*** Raw data Section Begins ***

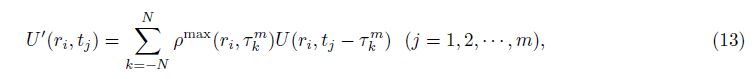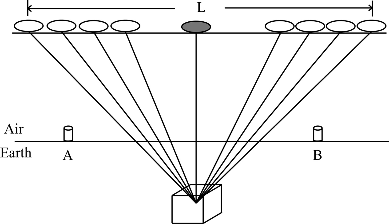 Figure 5 is a sketch of inverse synthetic radar imaging, where A and B indicate the two current electrodes on the ground which excite the transient electromagnetic field in the subsurface. When the transient electromagnetic field reaches the geological body, it will induce secondary eddy-currents. After the transmitter current is cut off, electromagnetic signals decaying with tine of the secondary magnetic field induced by a secondary eddy-current can be received in the air. As the electromagnetic signals within the L aperture range from the same geological body have correlation characteristics, we take the central point of the L aperture range as the reference point i and mark the wave field of this point as U(ri, τ), here ri is the distance from point i to any point(with a serial number of -N, · · ·, N)within the L aperture range, and τ is the relative moving amount. We take the maximum correlation coefficient as the weight coefficient, which is derived from correlation calculation of the reference point with each point within the L aperture range. We multiply the weight coefficient with the wave field value of each point and stack them to the central point, the composite value of the central point can be written as
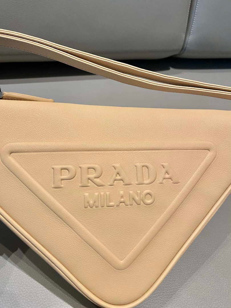 Prada 1NQ043 Triangle leather pouch Apricot on sale now.
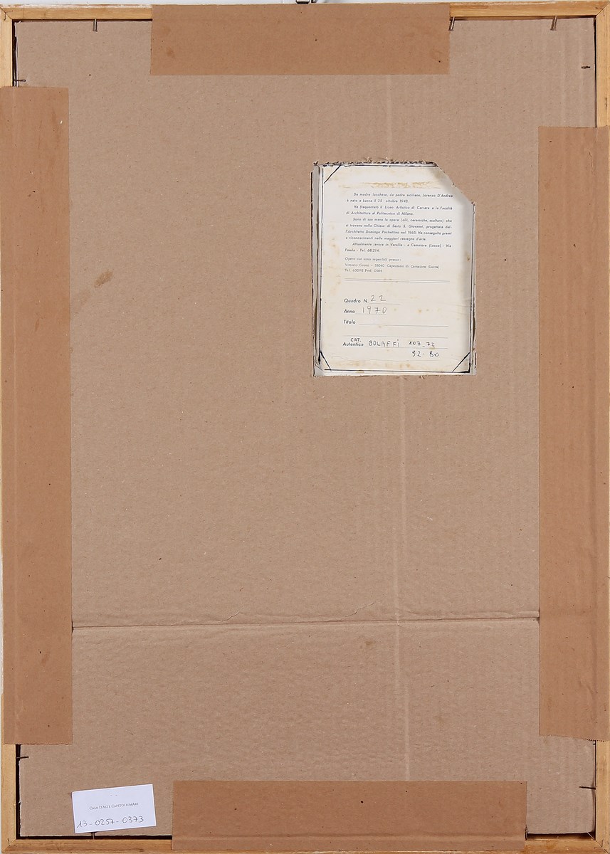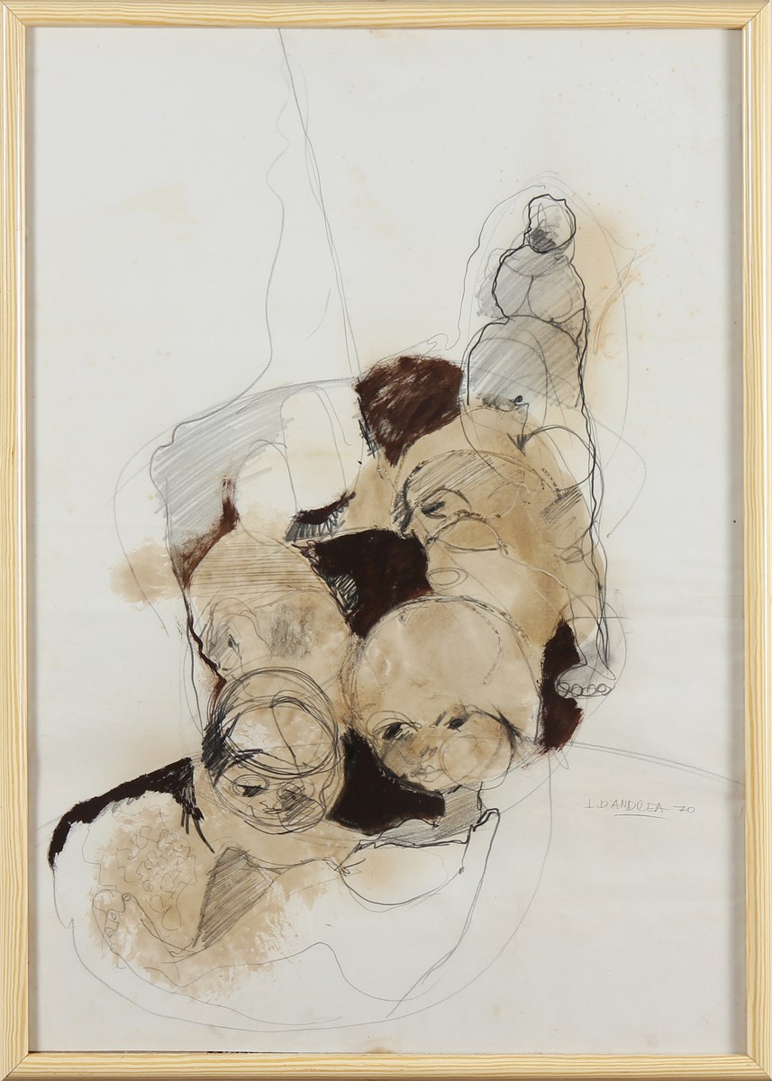 D'ANDREA LORENZO (n. 1943) Senza titolo. 1970. Tecnica mista su carta. Cm 50,00 x 70,00. Firma e data in basso a destra a matita. Al retro cartiglio descrittivo della vita dell'artista. Cornice presente

*** Raw data Section Ends ***

> [What you need to do]:
Reproduce the material above exactly, but only from the line with "Prada 1NQ043 Triangle" through its last line, leaving pictures out.

> [Expected output]:
 Prada 1NQ043 Triangle leather pouch Apricot on sale now.
 D'ANDREA LORENZO (n. 1943) Senza titolo. 1970. Tecnica mista su carta. Cm 50,00 x 70,00. Firma e data in basso a destra a matita. Al retro cartiglio descrittivo della vita dell'artista. Cornice presente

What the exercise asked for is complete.